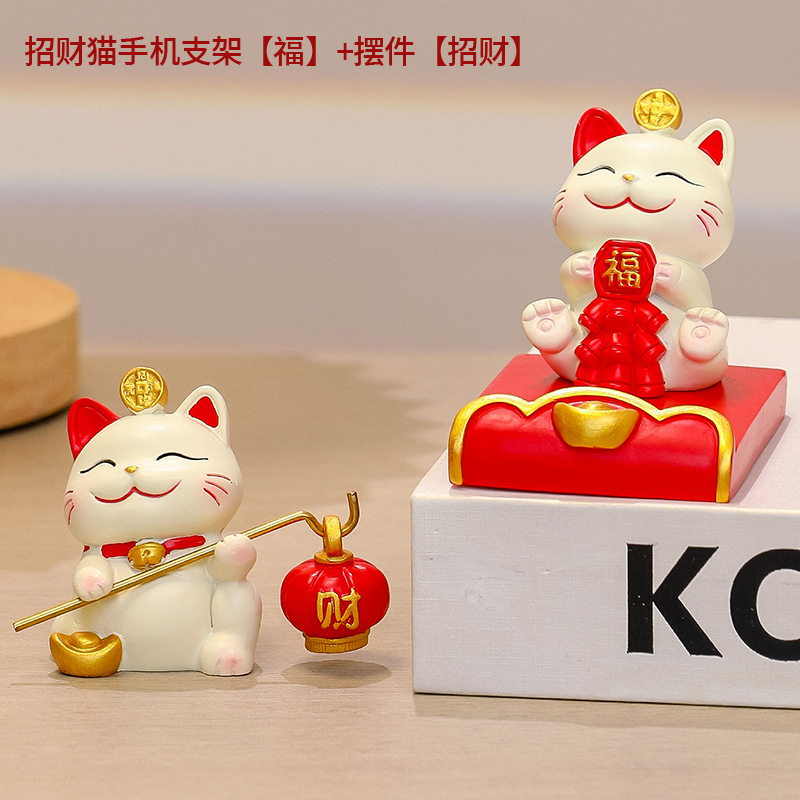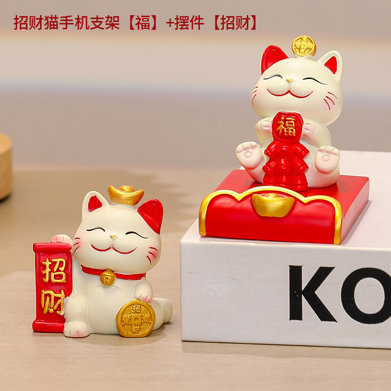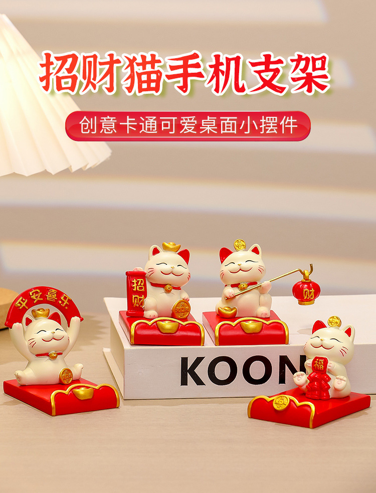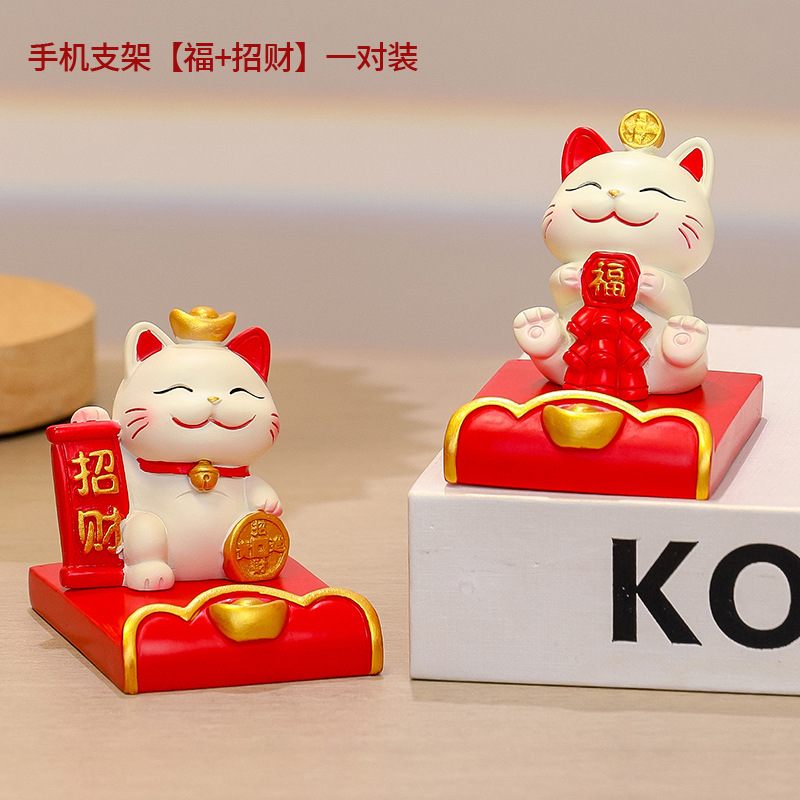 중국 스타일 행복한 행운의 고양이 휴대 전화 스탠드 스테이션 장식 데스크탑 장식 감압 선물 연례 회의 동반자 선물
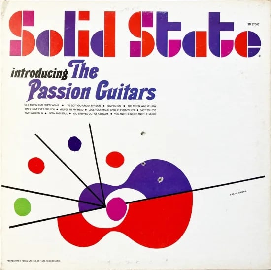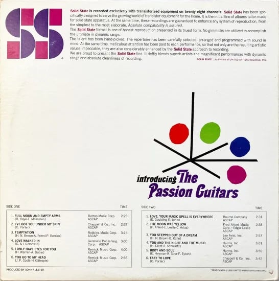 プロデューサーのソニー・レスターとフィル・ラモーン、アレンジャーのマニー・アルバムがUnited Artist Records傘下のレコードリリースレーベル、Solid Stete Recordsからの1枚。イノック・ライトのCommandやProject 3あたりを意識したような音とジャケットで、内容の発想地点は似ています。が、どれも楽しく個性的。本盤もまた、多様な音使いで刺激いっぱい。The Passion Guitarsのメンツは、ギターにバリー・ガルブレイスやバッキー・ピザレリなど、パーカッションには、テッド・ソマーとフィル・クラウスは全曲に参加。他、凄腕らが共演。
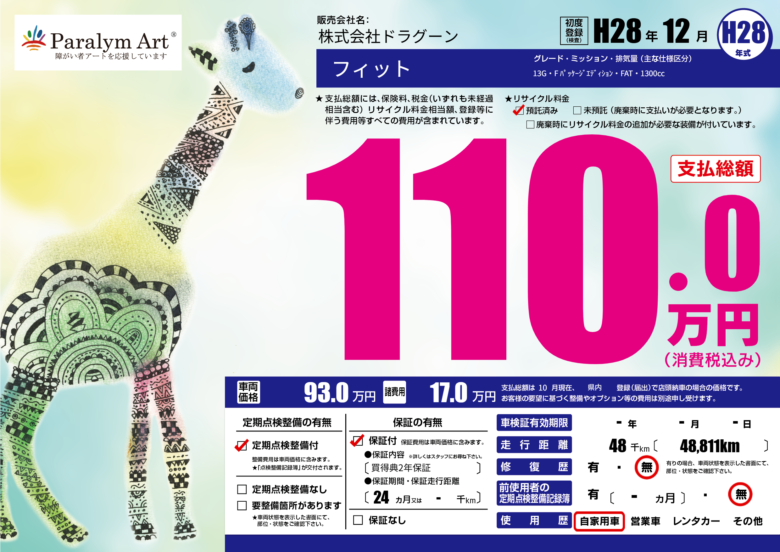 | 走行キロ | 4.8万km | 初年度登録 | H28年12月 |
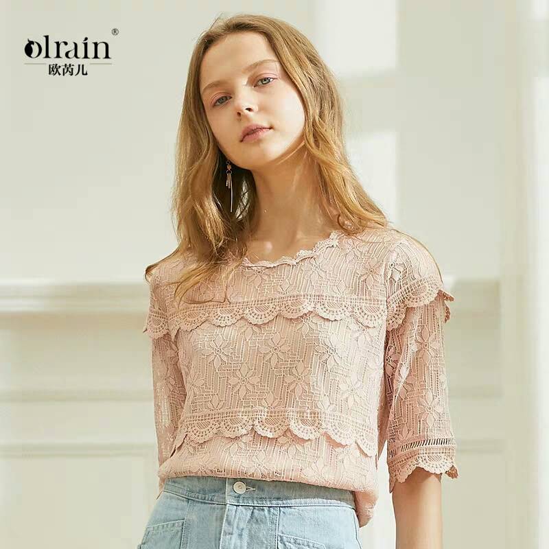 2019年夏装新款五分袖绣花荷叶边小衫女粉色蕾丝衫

REQUIRED WORK: Please reprint the whole listing exactly and omit its pictures.

RESPONSE AREA:
 중국 스타일 행복한 행운의 고양이 휴대 전화 스탠드 스테이션 장식 데스크탑 장식 감압 선물 연례 회의 동반자 선물
 プロデューサーのソニー・レスターとフィル・ラモーン、アレンジャーのマニー・アルバムがUnited Artist Records傘下のレコードリリースレーベル、Solid Stete Recordsからの1枚。イノック・ライトのCommandやProject 3あたりを意識したような音とジャケットで、内容の発想地点は似ています。が、どれも楽しく個性的。本盤もまた、多様な音使いで刺激いっぱい。The Passion Guitarsのメンツは、ギターにバリー・ガルブレイスやバッキー・ピザレリなど、パーカッションには、テッド・ソマーとフィル・クラウスは全曲に参加。他、凄腕らが共演。
 | 走行キロ | 4.8万km | 初年度登録 | H28年12月 |
 2019年夏装新款五分袖绣花荷叶边小衫女粉色蕾丝衫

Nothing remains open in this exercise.